= Danny Dias =

American activist

Danny Dias (c. 1983 – June 4, 2017) was an American activist and reality television personality. Dias starred on season 13 of MTV's Road Rules, in 2004. In 2005, he competed on season 11 of Real World/Road Rules Challenge. He later co-founded an AIDS research charity.

==Early life and career==
Dias was born and raised in Linden, New Jersey, where he attended Linden High School. He majored in music education at Westminster Choir College, a music conservatory affiliated with Rider University in Princeton, which he attended from 2001 to 2003, and then continued his undergraduate education at Seton Hall University. Dias, who was openly gay, was cast in season 13 of MTV's Road Rules while he was still attending college. Road Rules: X-Treme, which was filmed in an RV in Argentina and Chile, aired in 2004. The season cast included Dias, as well as Derrick Kosinski, Jodi Weatherton, Ibis Nieves, Kina Dean, and Patrick Maloney. However, Dias was voted out in Episode 6 as a punishment for losing a mission and was replaced by Nick Haggart.

Dias returned to MTV for Real World/Road Rules Challenge: The Gauntlet 2, his Challenge debut, which aired from 2005 to 2006. He was eliminated from the competition by Alton Williams from The Real World Las Vegas after four episodes.

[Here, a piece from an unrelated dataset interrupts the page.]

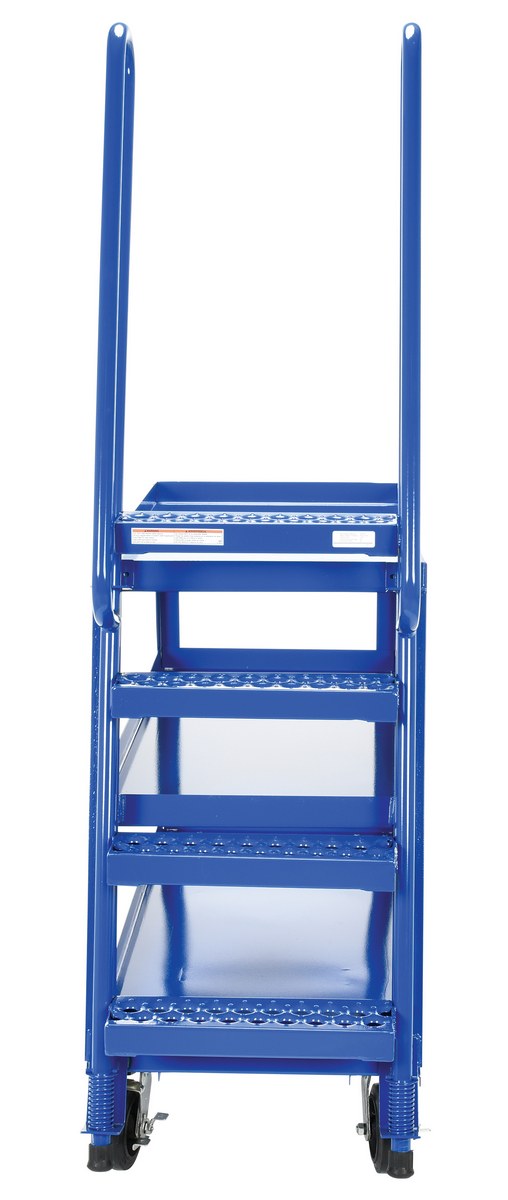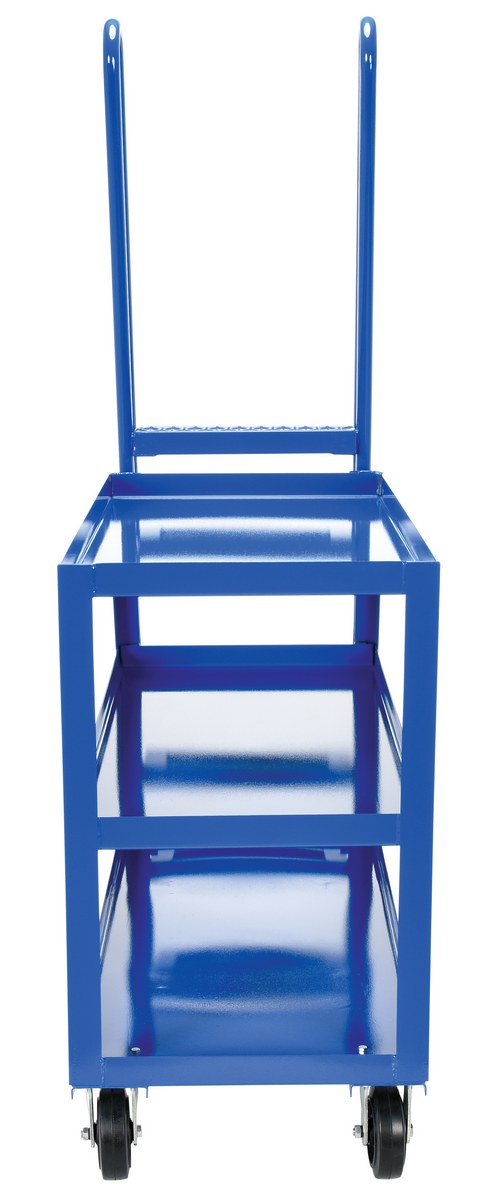 This oversized hi-duty stock picker truck is perfect for large jobs. Ideal for oversized cartons, boxes, parts, and supplies. A spring loaded steel ladder for sure, safe climbing, and loading. Steps have non-skid footing with self-cleaning surface. This stock picker truck has three (3) shelves. Built of durable steel construction. Unit is powder coated a blue finish.
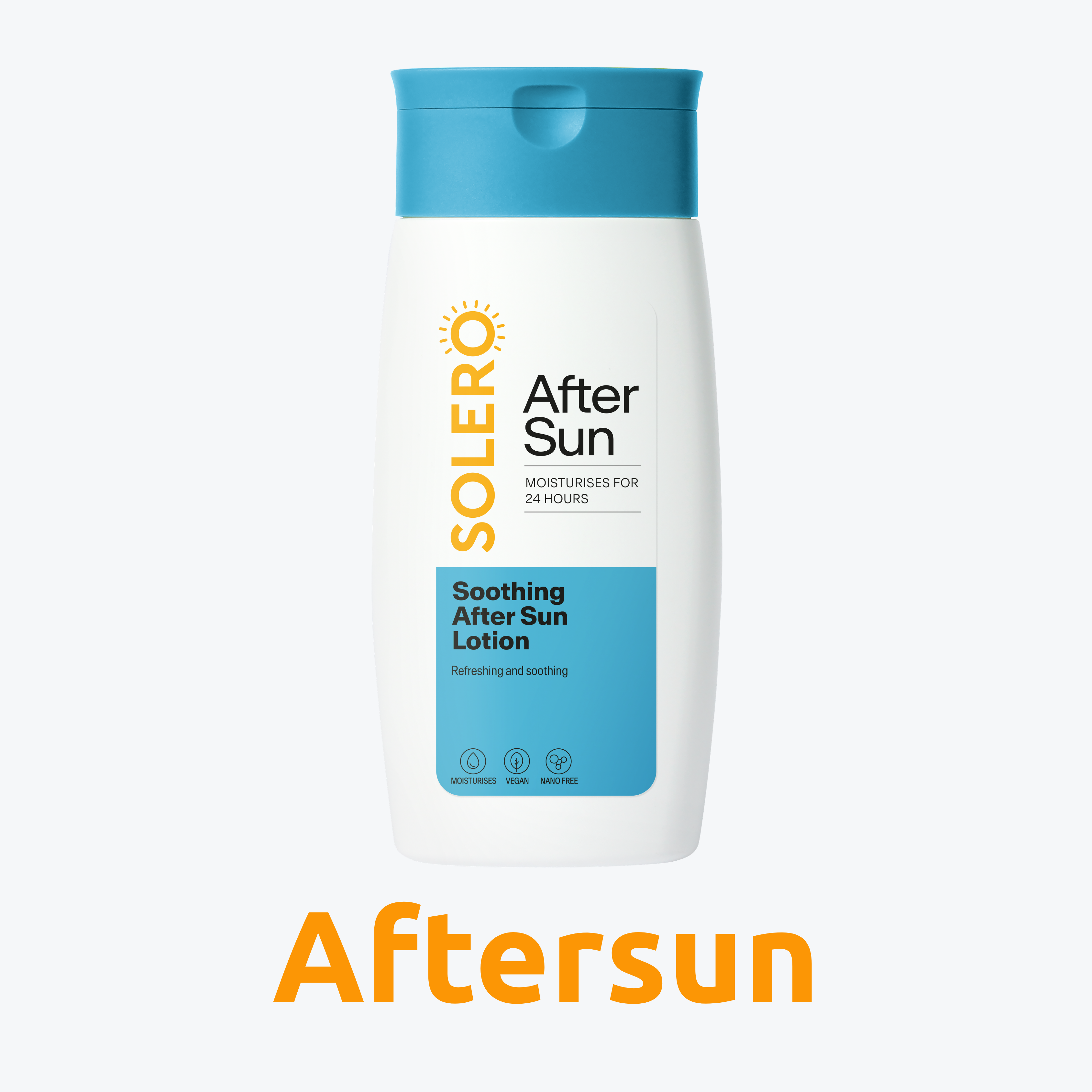 - SOLERO Anti-Roodheid Aftersun Lotion: Kalmeert de huid na de zon, met aloë vera voor verkoeling van de huid.

Following his time on Road Rules, Dias studied acting and worked in finance. He also become an AIDS activist and co-founded the research charity, Generation Cure.

==Death==
Dias was found unconscious at his Flushing Avenue apartment in Bushwick, Brooklyn, on June 4, 2017, at the age of 34. Friends had reportedly not reached him for two days. He was pronounced dead by authorities at approximately 5 p.m., though a cause of death was initially unknown.